The quote characters prevent the evaluation of ifelse from occurring too early. If the fourth argument is missing, it is treated as empty.

The ifelse macro can have any number of arguments, and it therefore provides a limited form of multiple path decision capability. For example:

ifelse(a,b,c,d,e,f,g)

This statement is logically the same as the following fragment:

if(a == b) x = c;
else if(d == e) x = f;
else  x = g;
return(x);

If the final argument is omitted, the result is null.


5.3.11    Manipulating Strings

The built-in len macro returns the byte length of the string that makes up its argument. For example, len(abcdef) is 6, and len((a,b)) is 5.

The built-in dlen macro returns the length of the displayable characters in a string. In certain international usages, 2-byte codes are displayed as one character. Thus, if the string contains any 2-byte international character codes, the result of dlen will differ from the result of len.

The built-in substr macro returns the substring (beginning at the character position specified by the second argument) from a specified string (first argument). The third argument specifies the length in bytes of the returned substring.
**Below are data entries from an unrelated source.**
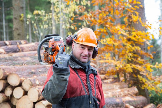 Zuständig für den großen Harvester. Er fällt, durchforstet und schafft Platz. Kein Steilhang hält ihn auf.
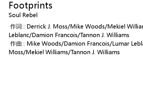 | [00:00.00-1] | zuò cí : Derrick J. Moss Mike Woods Mekiel Williams Lumar Leblanc Damion Francois Tannon J. Williams |
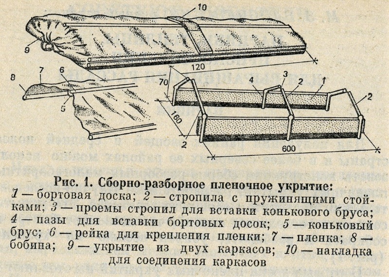 Для получения ранних овощей в средней полосе страны и в более северных ее районах можно использовать конструкции сборно-разборных малогабаритных пленочных укрытий, разработанные Научно-исследовательским институтом овощного хозяйства. Эти укрытия состоят из отдельных секций, что позволяет быстро их собирать и разбирать, убирая осенью на хранение (рис. 1).
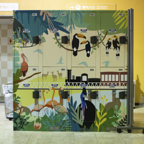 入場ゲート近くにあったコインロッカー。どこかに、カピバラが隠れています。
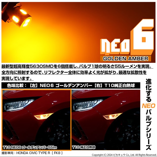 LED,ピカキュウ,LEDバルブ専門店,SMD,T10,T10 HYPER NEO 6ウェッジシングル球,ゴールデンアンバー,アンバー色,オレンジ色,ウインカー
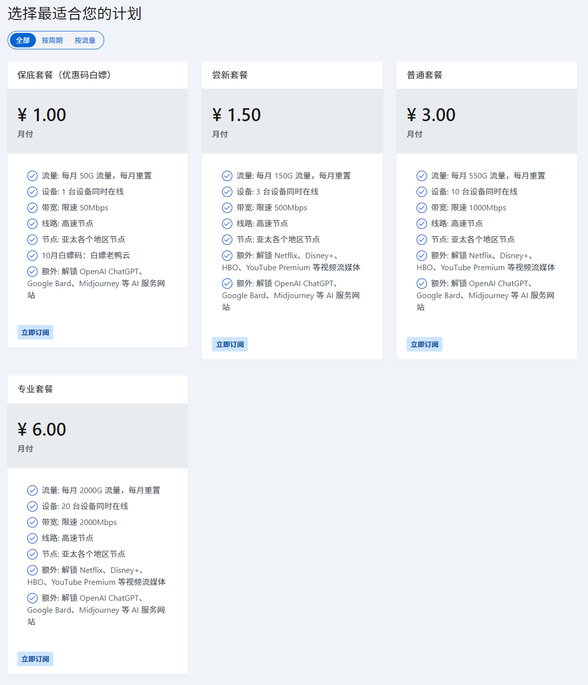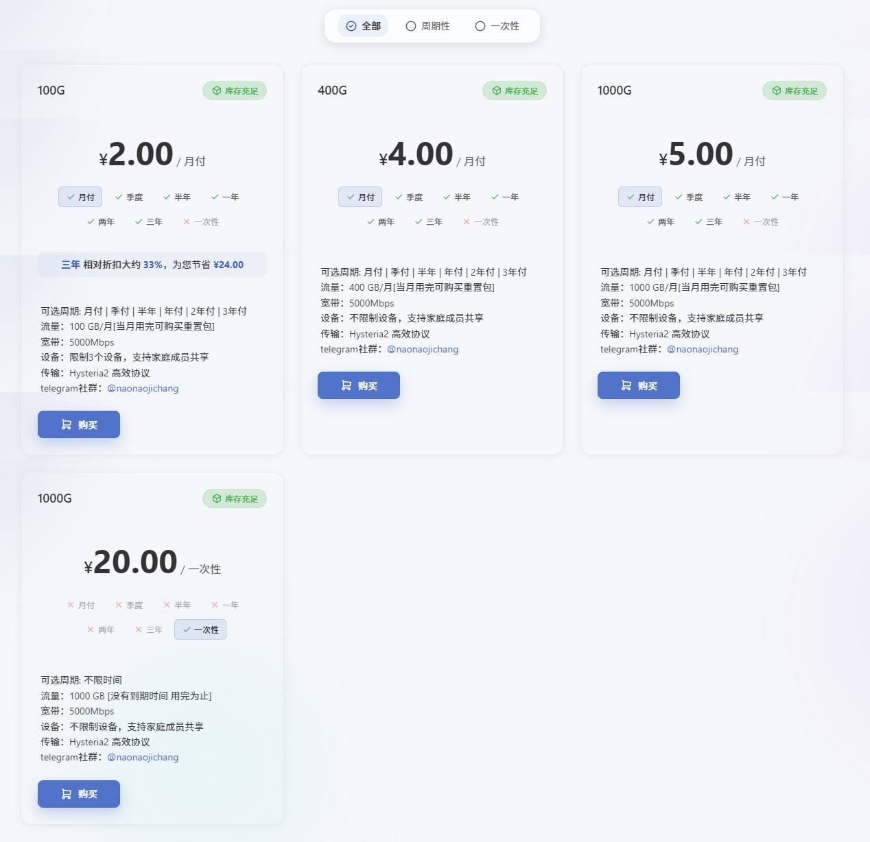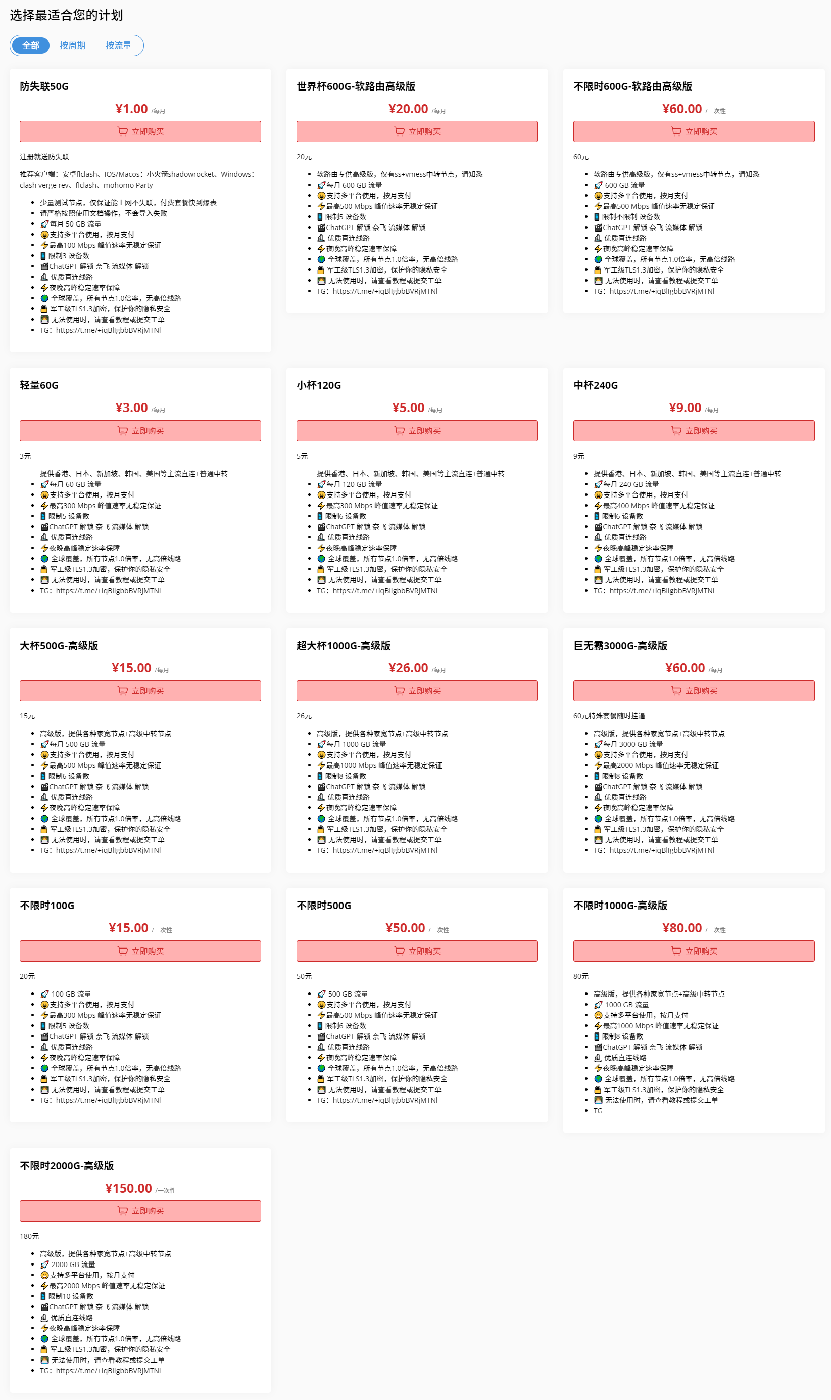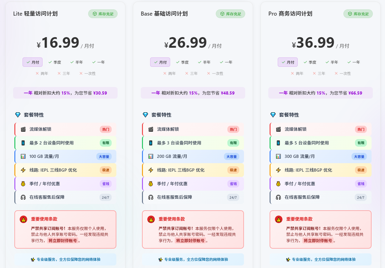 - 建议月付购买服务,以降低跑路风险。

For example:

substr(Krazy Kat,6,5)

This example returns "Kat", which is the 3-character substring beginning at character position 6 of the string "Krazy Kat". The first character in the string is at position 0 (zero). If the third argument is omitted or if the string is not long enough to satisfy the third argument, as in this example, the rest of the string is returned.

The built-in index macro returns the byte position, or index, in a string (first argument) where a substring (second argument) begins. If the substring is not present, index returns -1. As with substr, the origin for strings is 0 (zero). For example:

index(Krazy Kat,Kat)

This example returns 6.

The built-in translit macro performs one-for-one character substitution, or transliteration. The first argument is a string to be processed. The second and third arguments are lists of characters. Each instance of a character from the second argument that is found in the string is replaced by the corresponding character from the third argument. For example:

translit(the quick brown fox jumps over the lazy dog,aeiou,AEIOU)

This example returns the following:

thE qUIck brOwn fOx jUmps OvEr thE lAzy dOg

If the third argument is shorter than the second argument, characters from the second argument that are not in the third argument are deleted. If the third argument is missing, all characters present in the second argument are deleted.

Note

The substr, index, and translit macros do not differentiate between 1- and 2-byte displayable characters and can return unexpected results in some international usages.


5.3.12    Printing

The built-in errprint macro writes its arguments to the standard error file. For example:

errprint (`error')

The built-in dumpdef macro dumps the current names and definitions of items named as arguments. Names must be quoted. If you supply no arguments, dumpdef prints all current names and definitions. The dumpdef macro writes to the standard error file.